La battaglia contro il colosso di Wolfsburg - finito nei guai per l’uso di un software che consentiva di limitare i dati delle emissioni in occasione dei test di prova - era partita proprio da Trento, con una causa pilota promossa dall’avvocato Gigi Olivieri. Nella querela si ipotizzava il reato di truffa per la sussistenza di «artifizi e raggiri» palesi vista la presenza del dispositivo segreto che alterava i risultati. Volkswagen avrebbe causato un danno al querelante, anzi alle migliaia di automobilisti nelle sue stesse condizioni: danno patrimoniale per la sensibile perdita di valore del mezzo, ma anche danno morale perché l’acquirente del veicolo (una Polo) credeva di avere una vettura a basso impatto ambientale e invece non era così.
A questa querela se ne sono aggiunte altre tre (una per frode in commercio, ma la procura ha ritenuto che il fatto andasse qualificato correttamente come truffa), poi riunite in un unico procedimento. Centrale, rispetto ad una ipotesi di truffa, era proprio il profilo del danno denunciato, anche in prospettiva di una vendita futura del veicolo.
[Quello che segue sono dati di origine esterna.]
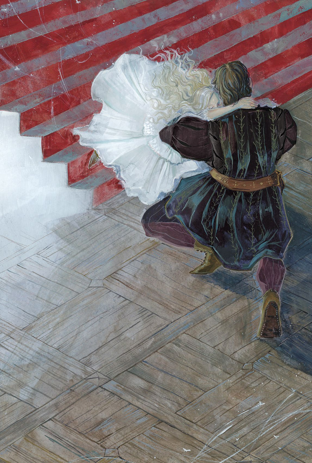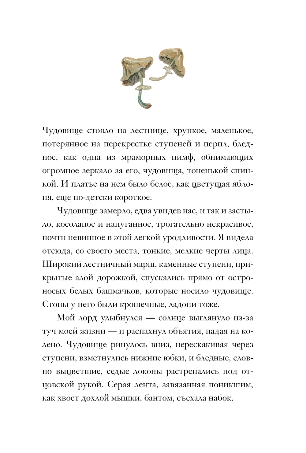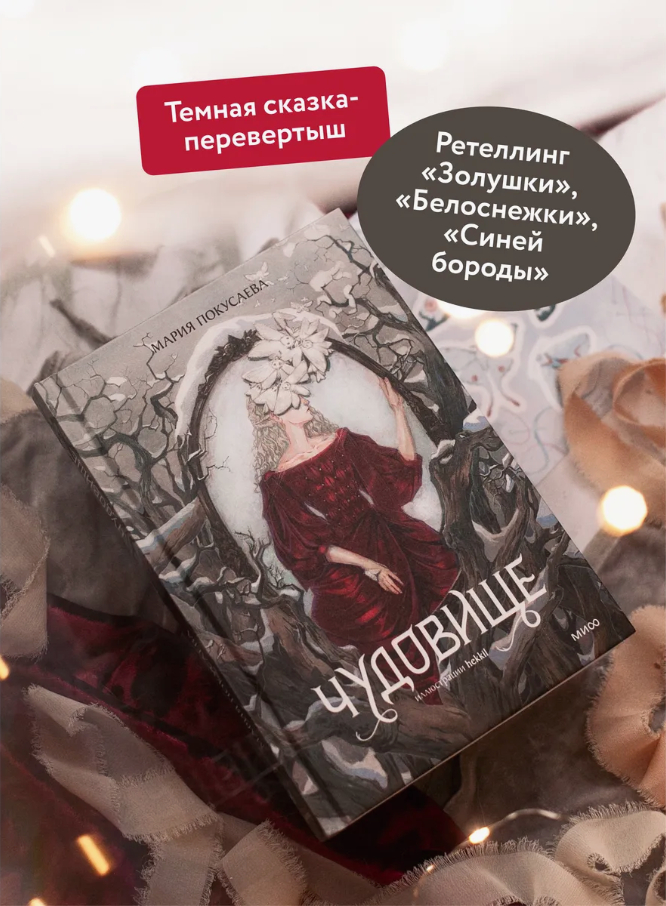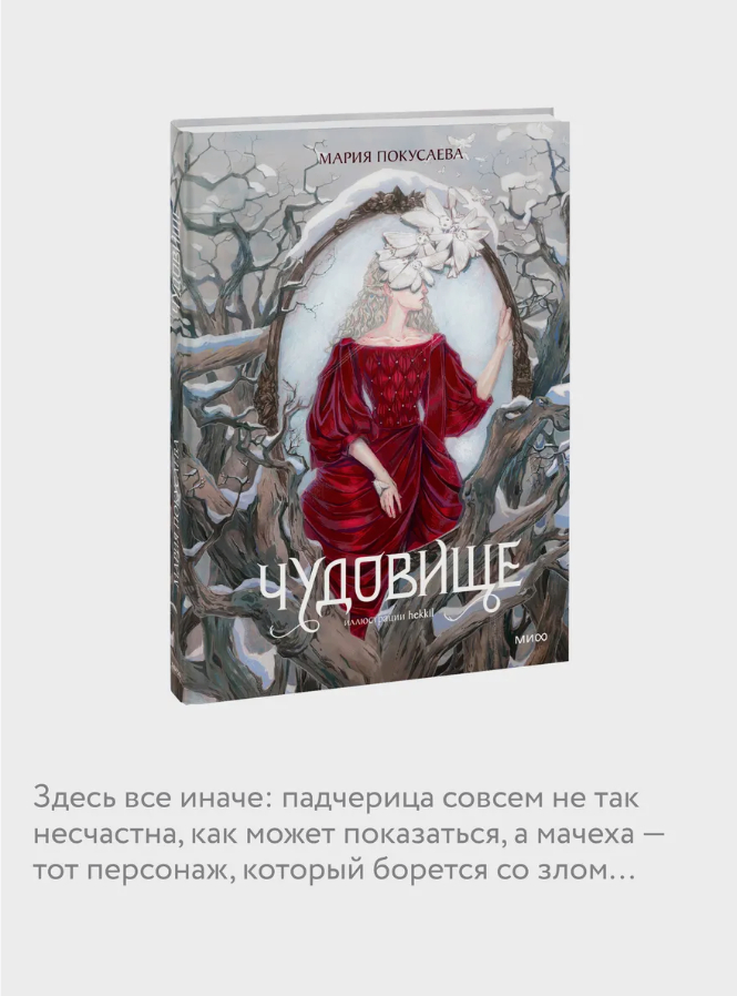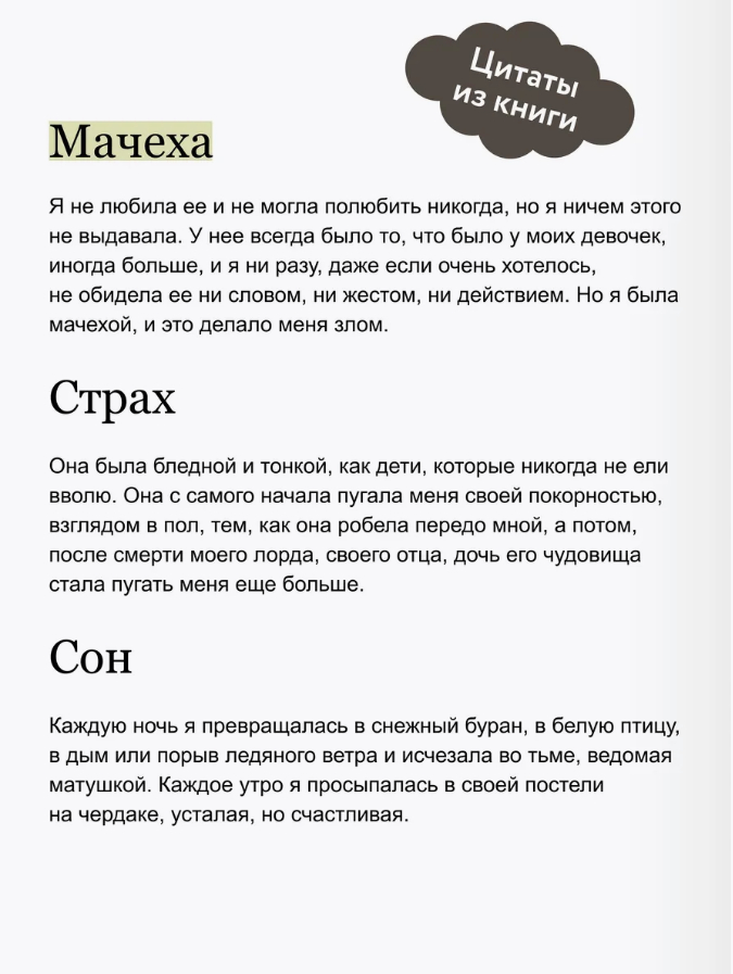 "Чудовище, прекрасное чудовище с волосами белыми, как снег, в платье красном, как кровь, как сочные яблоки и рубины, и с сердцем чернее бесконечности, из которой такие, как она, появлялись и в которую не хотели уходить".

Ma attingendo ai dati del responsabile analisi di mercato della rivista Quattroruote, la procura scrive: «Il dieselgate non ha modificato le valutazioni di mercato dei veicoli coinvolti». Non solo, nel gennaio 2016, «le immatricolazioni delle autovetture Volkswagen sono aumentate del 20.18%».
In definitiva per la procura, se è vero che gli automobilisti sono stati indotti in errore con «un artificio» su alcune caratteristiche delle vetture acquistate, si deve però escludere la sussistenza di un reato di truffa, «per la preclusiva ragione che nessun danno è stato riportato dagli acquirenti che hanno acquistato una autovettura che comunque è in grado di svolgere la funzione per cui è stata acquistata, che per effetto del comportamento artificioso non ha consumi superiori o prestazioni inferiori al dichiarato, che non corre rischio di subire limitazioni alla circolazione e che allo stato non ha subito neanche deprezzamenti del valore dell’usato».
Da qui la richiesta di archiviazione per il legale rappresentante dell’azienda al momento in cui è scoppiato lo scandalo (Michael Alexander Obrowski) e per il legale rappresentante dell’azienda negli anni in cui sono avvenute le importazioni delle quattro automobili (Rupert Johann Stadler).